Brick and mortar, this is for the folks with masonry chimneys or masonry at all. Pointing, Repointing, and Tuckpointing is a trinity of points essential to know when calling about something wrong with the bricks, specifically with the mortar.

Today we will be going over what exactly these three terms are, how they relate, and which exactly is important. In common speech, one may use the term “pointing” for all three, so if a homeowner wants specifics, it’s your job to know terms.


Pointing is not too hard to understand; it’s the laying of mortar to hold bricks together. More specifically, it is the filling of defects likely in the brick shape and the finishing of mortar joints; one may think of it as being placed atop the joint. There is the initial mortar work done, then afterward pointing to fill in any mistakes. Pointing may involve raking, the taking out of some of the mortar, to replace with another stronger or otherwise better mix. What are mortar joints?

To most people, the mortar joints are best described as the mortar itself; it’s just the mortar lines holding bricks together. Yet, it’s not exactly that simple; they have shapes, variants in importance, and purposes. All that we will go over in another blog, so see you there!

As for what is essential to understand about joints in masonry? The mortar used in pointing is vital. Incorrectly done pointing can lead to irreparable damage to a wall; what is the cause of this damage—water, the arch-nemesis of engineering and architecture, and even the fine arts. Bricks and stones are excellent materials, porous and surprisingly absorbent; they need to be allowed to breathe and drain, yet the mortar also needs to be absorbent while itself able to drain as in pointing its job is to protect the joints from water. It must be flexible and not too strong; the mortar’s job is to take the damage instead of the bricks themselves.

Along with all that, pointing also has to look good, otherwise why not just plaster walls instead. Providing complete protection from water and the elements, plaster gives the appearance of a plain flat wall. When one gets pointing done, they likely want the wall to have that Brickhouse aesthetic.


With that in mind, it turns out mortar has a relatively short lifespan, at least when compared to the bricks, blocks, or stones used to hold together. This is entirely the point, as they are the lungs to prevent bricks from deteriorating, and pointing is easy to address and repair compared to brick damage. Thankfully there is a name for this process, repointing.

Repointing has to be done every few years to maintain walls of masonry. The process is precisely what it sounds like, pointing… again. When correctly performed, it restores both the visage and structural integrity, leading to the longevity of the building or, in our case, the chimney and the building envelope. It’s also not too expensive.

A building envelope is the divide between the conditioned and unconditioned environments of a building. In a sense, “building envelope” refers to the inside and outside; however, the terms are not to be interchanged. The conditioned environment specifically refers to air current, temperature, and in some cases, may refer to serialized air. The inside included the attic, basement, and garage in many homes, but the envelope does not tend to include such spaces.

Tuck pointing + more

Tuck pointing is a specific variant; it’s a purely aesthetic difference, though it does the functions pointing should. Other variants include the disastrous strap pointing, utilitarian flush pointing, typical grooved pointing, etc.

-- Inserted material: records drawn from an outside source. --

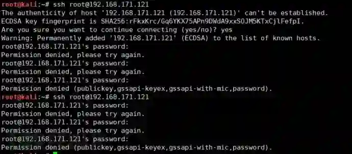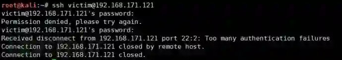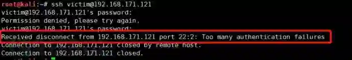 2)检测发现目标主机存在ssh服务,尝试登陆几次判断是否存在登陆次数限制或登陆地址限制情况: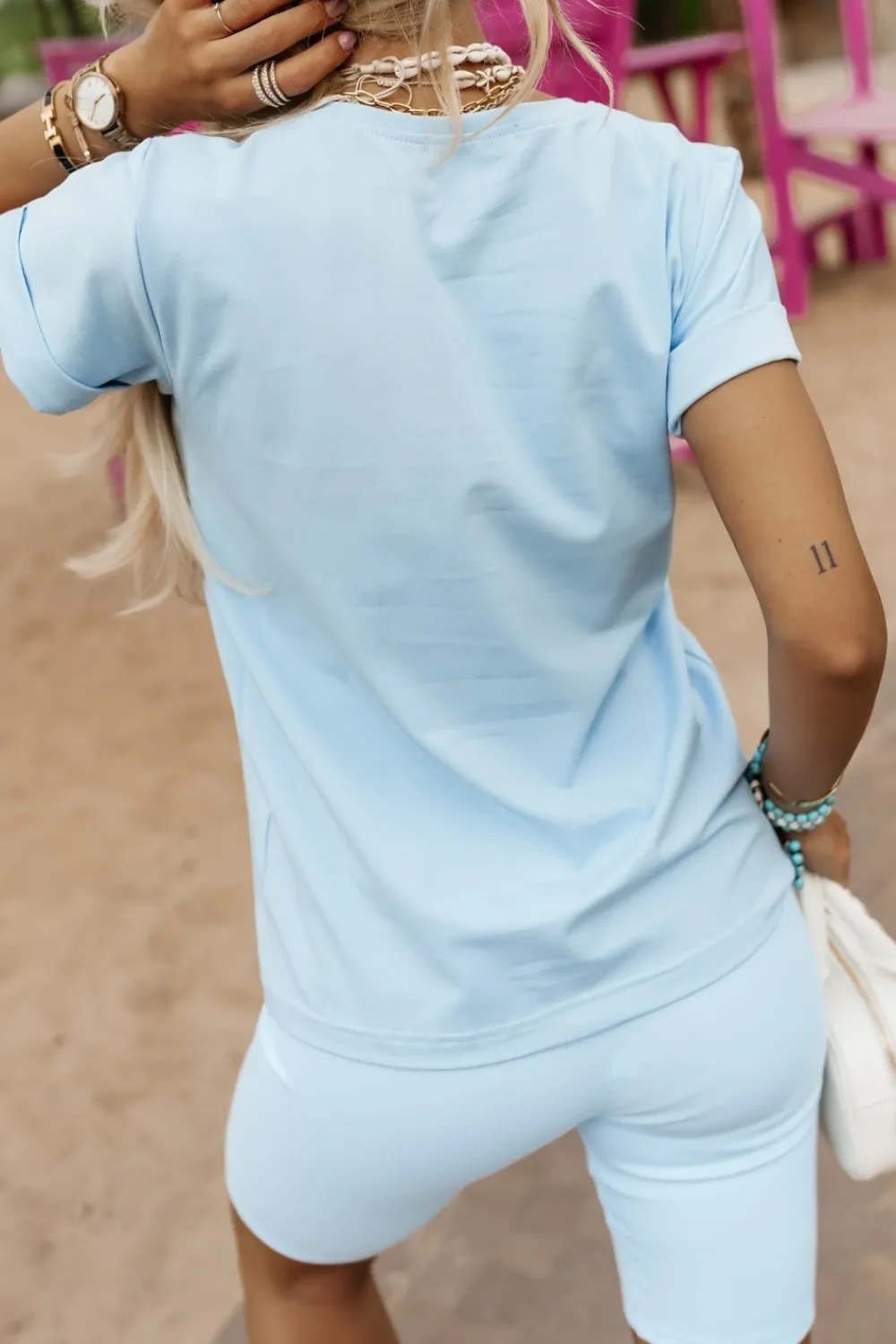 Minimalistyczny, a jednocześnie pełen uroku T-shirt z klasycznym okrągłym dekoltem. Wykonany z miękkiej, przyjemnej w dotyku tkaniny, świetnie sprawdzi się w codziennych stylizacjach. Podwinięte rękawy nadają mu swobodnego, stylowego wyglądu. Subtelny nadruk z kwiatkiem umieszczony tuż przy dekolcie dodaje całości delikatnego, dziewczęcego akcentu. Idealny do jeansów, spódnicy lub szortów – bazowy element garderoby z charakterem.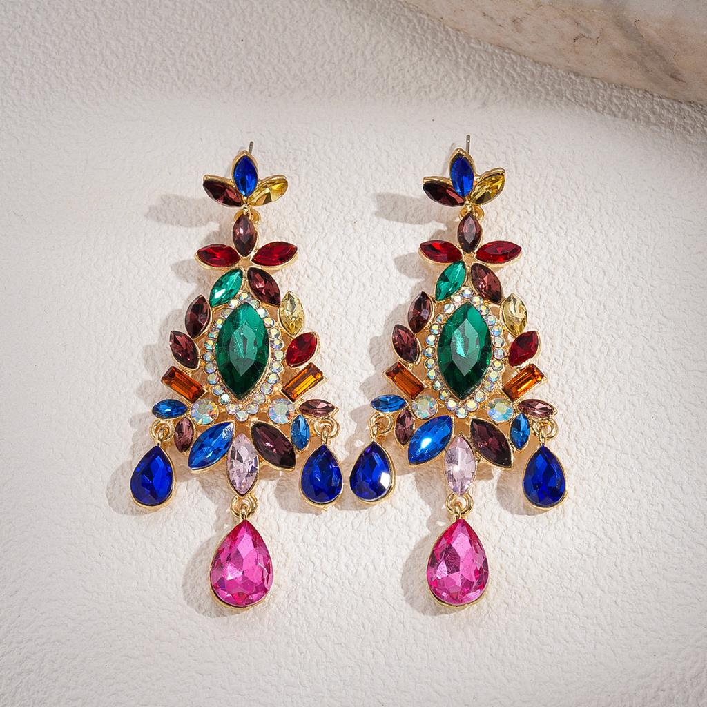 Court Style Diamond-set Flower Water Drop Silver Needle Earrings Fashionable and Exquisite Earrings

Tuckpointing is explicitly done to look good, using a masonry with a color similar to the bricks or stones and then racking out a grove in the center of the joint to fill with white lime putty, giving the wall more brick and minor mortar appearance with thin and straight lines.

Flush pointing leaves the masonry looking somewhat unappealing. Excess mortar is removed from the joint, leaving a flushed joint. While sacrificing looks, the boon in exchange is excellent durability, as it does not have space to collect water or debris.

Strap pointing is terrible; with straight lines and no style, it often uses cement and locks in moisture, failing its one job. This pointing likely will only damage the wall over time and will need to be removed. Meanwhile, the average is grooved pointing which looks refined and works just as well. It may also be called keyed pointing; it’s named like this because it has a groove in the pointing keyed/rubbed in.